1. A Arguida A... , Lda., tem o número de pessoa colectiva 506 040 607, encontra-se matriculada na Conservatória do Registo Comercial de Tábua, sob o mesmo número, e tem o capital social de 5.000,00 EUR, encontrando-se a sua constituição registada por Ap. 04/200050706.

2. A Arguida A... , Lda., tem como objecto social bares, hotelaria e restauração, tendo a sua sede social registada em Rua (...) , concelho de Tábua.

3. Actualmente, são sócios da sociedade Arguida os Arguidos B... e C... , cada um titular de uma quota com o valor nominal de 2.500,00 EUR (dois mil e quinhentos euros).

4. O Arguido C... é sócio desde da data de constituição da Sociedade Arguida, sendo que a essa data era único gerente registado da sociedade.

5. Em 01/01/2009, a Arguida B... adquiriu a quota representativa do capital social da Sociedade Arguida no valor nominal de 2.500,00 EUR.

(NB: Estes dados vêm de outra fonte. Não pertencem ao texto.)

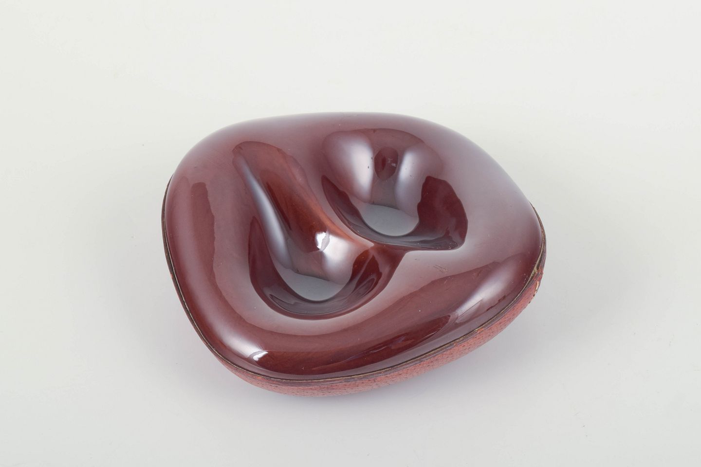 Organisk formet skål i keramik med dyb bordeaux glasur. Monteret med læderbetrukket underside, stemplet med Longchamp-mærke.
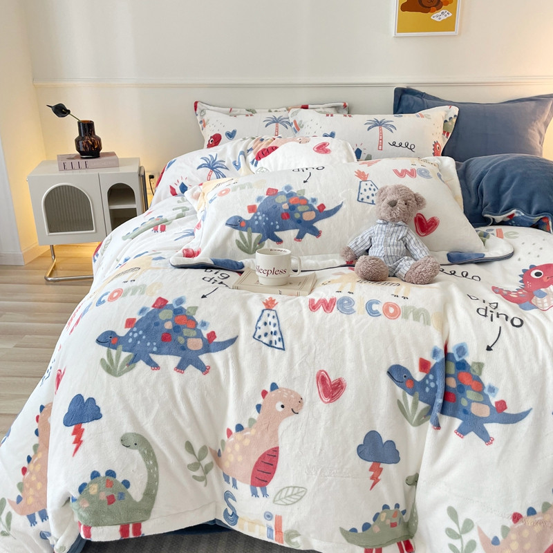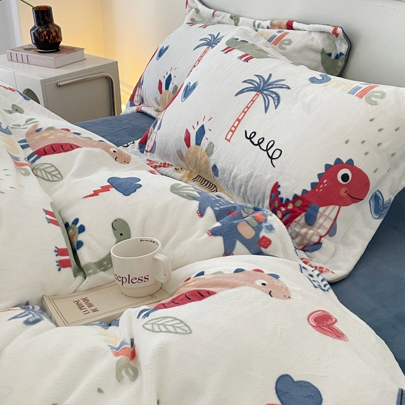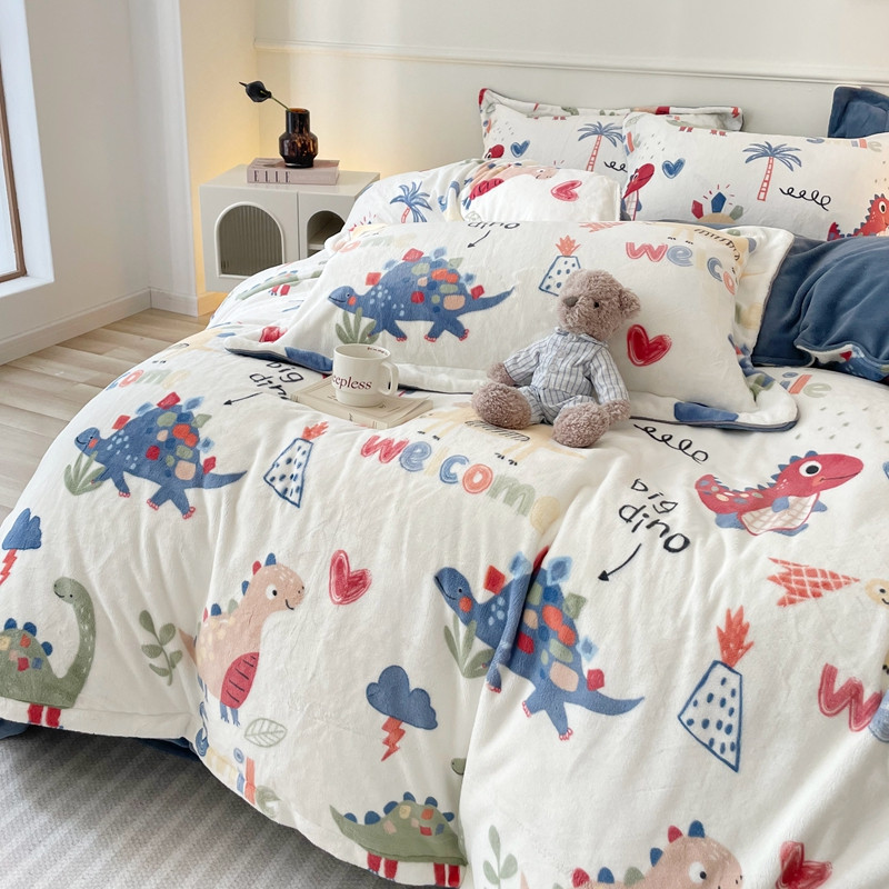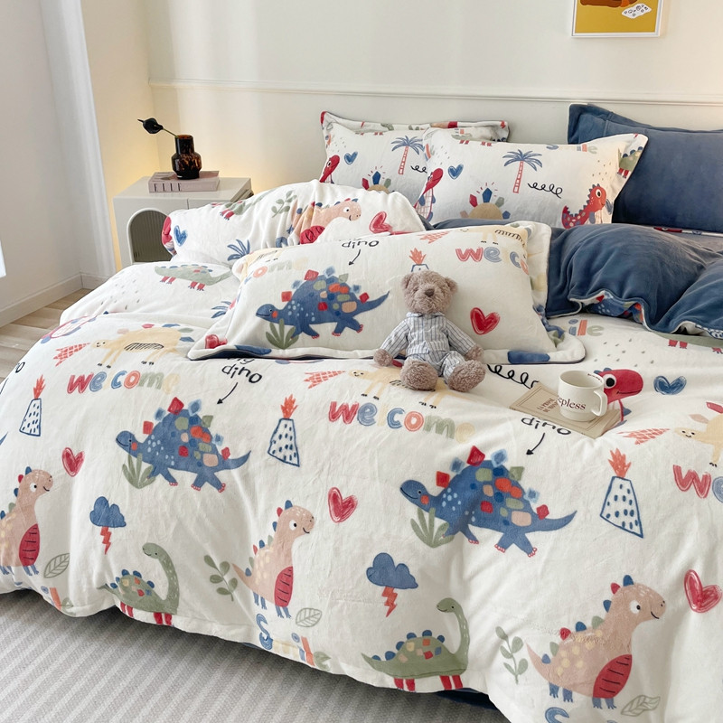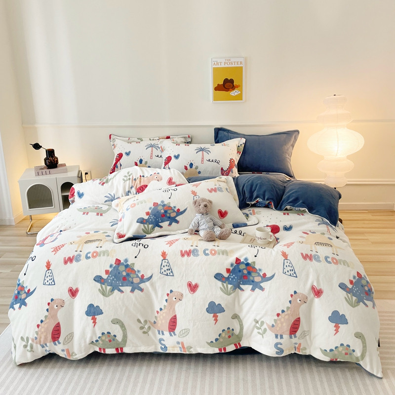 商品名称:橘滋 2023新款240克牛奶绒臻棉绒嵌条工艺四件套 侏罗纪

6. Mediante Ap. 2/20090101, encontra-se registada alteração ao contrato de sociedade e designação de membros de órgão social, nos termos da qual a Arguida B... passou a exercer o cargo de gerente da Sociedade Arguida, sendo que a forma de vinculação desta sociedade passou a exigir a assinatura dos dois sócios gerentes.

7. Entre 01/01/2009 até Dezembro de 2010, os arguidos B... e C... dirigiram, conjuntamente, as actividades da Arguida sociedade, nomeadamente, contratação de pessoal, direcção de funcionários, representação da arguida sociedade perante terceiros, fornecedores e funcionários, pagamento de salários, entrega de recibos, retenção e entrega dos montantes retidos ao Instituto de Segurança Social, gerindo e controlando de facto a sociedade arguida.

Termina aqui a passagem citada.